A result of UNSAT means the property is proved. And a result of SAT means a counterexample was found. The runtime is in seconds. The timeout is set to 2000 seconds.
The verification was executed on a Linux server with 128 AMD EPYC 7601 32-Core Processors and 503GB memory. We ran Marabou2 with Split and Conquer (SNC) mode and four parallel threads.
Since Venus2 does not support the \emph{tanh} acitvation function and Marabou2 does not support the ONNX operator \emph{concat}, they could not verify some instances, which are indicated by the dashes in the table.
Overall, $\alpha$-$\beta$-CROWN was the most efficient and produced the correct results on all instances. Marabou2 generated incorrect results for two instances. And Venus2 generated incorrect results for one instance and aborted for two instances. Our preliminary investigation in the incorrect or aborting cases indicates tool implementation issues.

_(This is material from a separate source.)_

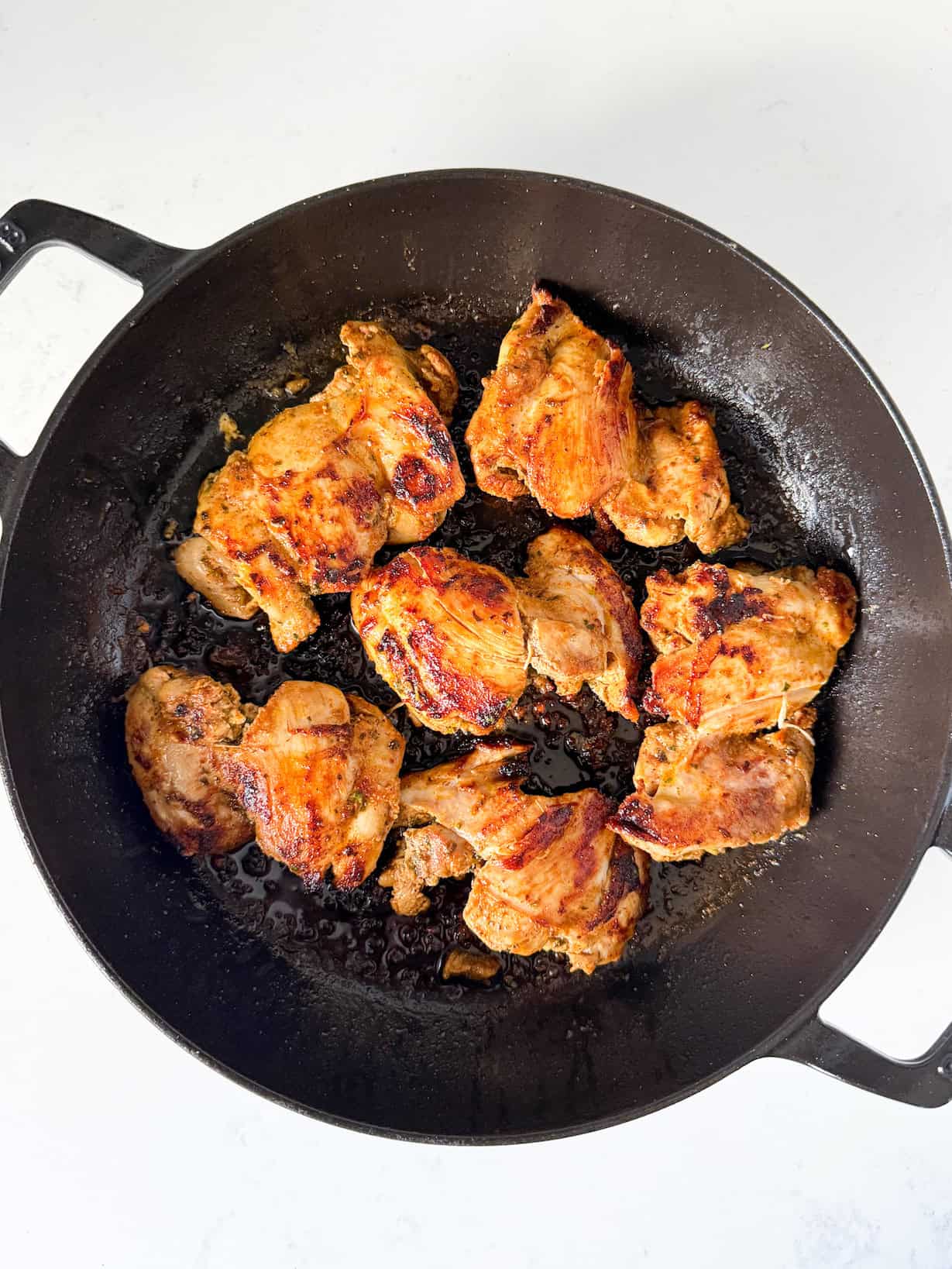 - Heat ½ tablespoon of olive oil in a large skillet over medium-high heat. The chicken will be well coated in oil, so you don’t need to add a lot to the skillet. Once the skillet is hot add the chicken thighs, smooth side down first, and cook for 6-7 minutes on both sides until the chicken is well browned and cooked through.

Note that the VNNLIB parsers used by the tools do not support general linear constraints (i.e., $AX\le B$). They support a limited subset of constraints defined by the VNNCOMP benchmarks (e.g., variable compared to constant, comparing two variables). We modified the VNNLIB parser of $\alpha$-$\beta$-CROWN to verify properties that are encoded as general linear constraints.